● Problem
Omit any pictures, and restate word for word only the lines from the one with "Living Tea, Coffee" through the end of the data below.

● Source data
--*--

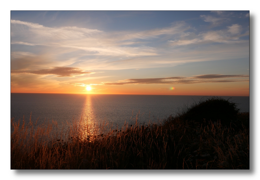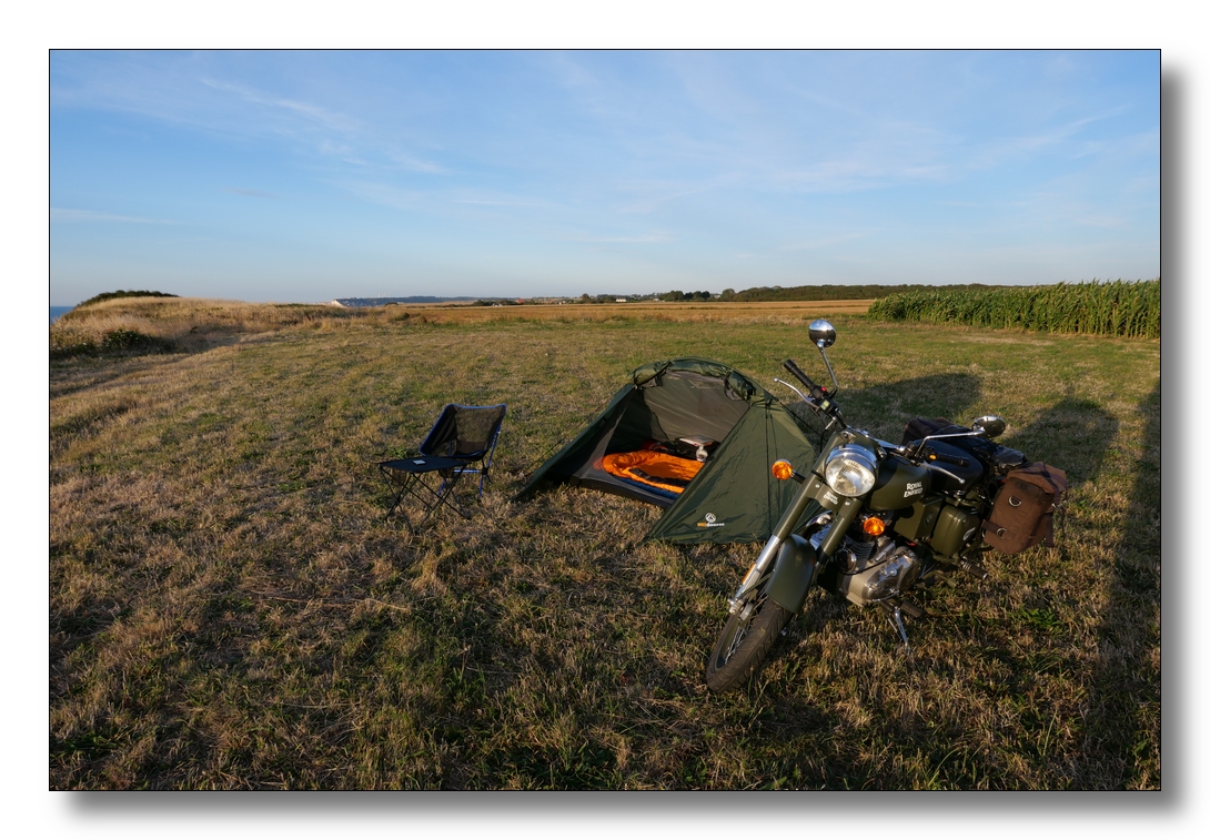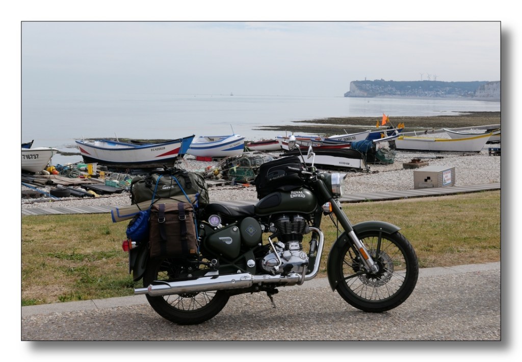 Arrivé à Etretat, je gare la moto pour une petite balade en ville et sur le bord de plage, on m’a souvent dit « Etretat c’est superbe… », étant Artisan-Photographe, j’ai très souvent tiré des photos de touristes y venant, je reconnais les vues mais j’avoue que je suis plus friand de l’authenticité du Cotentin et du Nord Bretagne… un peu trop de monde à faire les boutiques … donc je continue mon chemin pour trouver un lieu de bivouac, le camping est à bloc et les prix sont exagérés. Un copain Breton m’a rencardé sur un spot, je le trouve, je fouine et trouve à m’installer encore mieux. L’endroit est parfait, en haut de la falaise, assez loin du bord 😉 pour éviter toutes mauvaises surprises. Je vais avoir un coucher de soleil somptueux et y passer une bonne nuit.
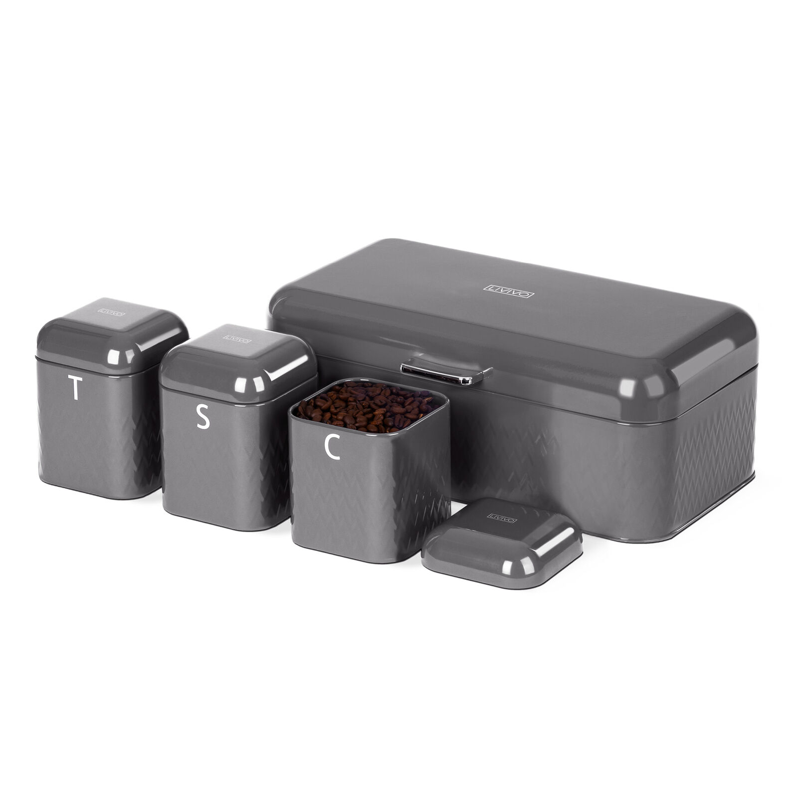 Living Tea, Coffee & Sugar Canisters and Bread Bin Set - Grey
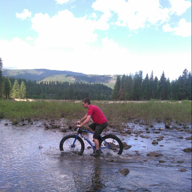 Alex fording the fjord on the #pugsley. #ferrycounty #kettleriver
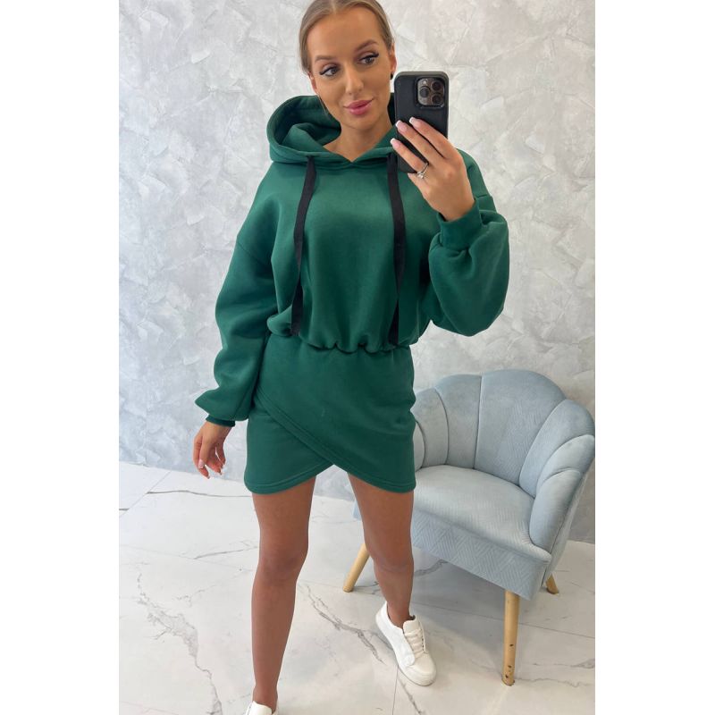 Zateplené šaty s psaníčkovým spodkem tmavě zelené barvy

--*--

● Task output
 Living Tea, Coffee & Sugar Canisters and Bread Bin Set - Grey
 Alex fording the fjord on the #pugsley. #ferrycounty #kettleriver
 Zateplené šaty s psaníčkovým spodkem tmavě zelené barvy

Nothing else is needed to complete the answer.